**Extracted material**
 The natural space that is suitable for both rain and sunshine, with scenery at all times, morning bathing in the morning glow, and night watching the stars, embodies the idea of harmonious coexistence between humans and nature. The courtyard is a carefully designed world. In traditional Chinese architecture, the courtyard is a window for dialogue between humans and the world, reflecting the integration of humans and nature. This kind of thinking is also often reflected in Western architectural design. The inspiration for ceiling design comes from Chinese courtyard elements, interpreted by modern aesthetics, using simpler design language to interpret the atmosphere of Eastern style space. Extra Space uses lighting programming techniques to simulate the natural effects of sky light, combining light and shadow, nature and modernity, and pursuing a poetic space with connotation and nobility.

--

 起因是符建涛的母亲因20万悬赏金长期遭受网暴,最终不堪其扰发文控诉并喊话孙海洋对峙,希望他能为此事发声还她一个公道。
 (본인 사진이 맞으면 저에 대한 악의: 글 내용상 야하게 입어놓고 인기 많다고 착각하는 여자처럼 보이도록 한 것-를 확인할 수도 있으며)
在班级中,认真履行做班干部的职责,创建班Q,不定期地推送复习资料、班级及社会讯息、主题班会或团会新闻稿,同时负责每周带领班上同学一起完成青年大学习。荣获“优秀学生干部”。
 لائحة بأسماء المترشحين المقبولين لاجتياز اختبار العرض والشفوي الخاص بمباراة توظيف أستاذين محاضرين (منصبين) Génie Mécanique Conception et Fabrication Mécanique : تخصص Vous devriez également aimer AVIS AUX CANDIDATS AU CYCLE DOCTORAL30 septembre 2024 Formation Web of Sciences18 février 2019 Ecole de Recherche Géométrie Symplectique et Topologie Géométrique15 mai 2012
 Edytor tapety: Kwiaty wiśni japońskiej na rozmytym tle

--

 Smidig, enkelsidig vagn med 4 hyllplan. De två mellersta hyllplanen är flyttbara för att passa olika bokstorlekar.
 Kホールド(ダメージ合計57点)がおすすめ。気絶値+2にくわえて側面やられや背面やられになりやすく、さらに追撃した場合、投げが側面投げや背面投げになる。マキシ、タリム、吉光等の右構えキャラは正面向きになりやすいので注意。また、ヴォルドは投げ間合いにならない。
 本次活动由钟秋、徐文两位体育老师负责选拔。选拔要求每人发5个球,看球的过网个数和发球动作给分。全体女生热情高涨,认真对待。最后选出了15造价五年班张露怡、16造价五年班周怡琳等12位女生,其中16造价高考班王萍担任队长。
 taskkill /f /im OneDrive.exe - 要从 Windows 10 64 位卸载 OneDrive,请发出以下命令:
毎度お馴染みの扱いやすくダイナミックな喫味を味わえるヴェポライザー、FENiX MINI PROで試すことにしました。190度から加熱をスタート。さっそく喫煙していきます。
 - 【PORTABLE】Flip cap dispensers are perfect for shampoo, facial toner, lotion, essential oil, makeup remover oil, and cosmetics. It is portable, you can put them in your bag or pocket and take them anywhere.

**Task item**
In the entries above, please find the line with "لائحة بأسماء المترشحين" and the line with "Edytor tapety: Kwiaty", then write out exactly those two lines and every line between them, and nothing more.

**Result for this exercise**
 لائحة بأسماء المترشحين المقبولين لاجتياز اختبار العرض والشفوي الخاص بمباراة توظيف أستاذين محاضرين (منصبين) Génie Mécanique Conception et Fabrication Mécanique : تخصص Vous devriez également aimer AVIS AUX CANDIDATS AU CYCLE DOCTORAL30 septembre 2024 Formation Web of Sciences18 février 2019 Ecole de Recherche Géométrie Symplectique et Topologie Géométrique15 mai 2012
 Edytor tapety: Kwiaty wiśni japońskiej na rozmytym tle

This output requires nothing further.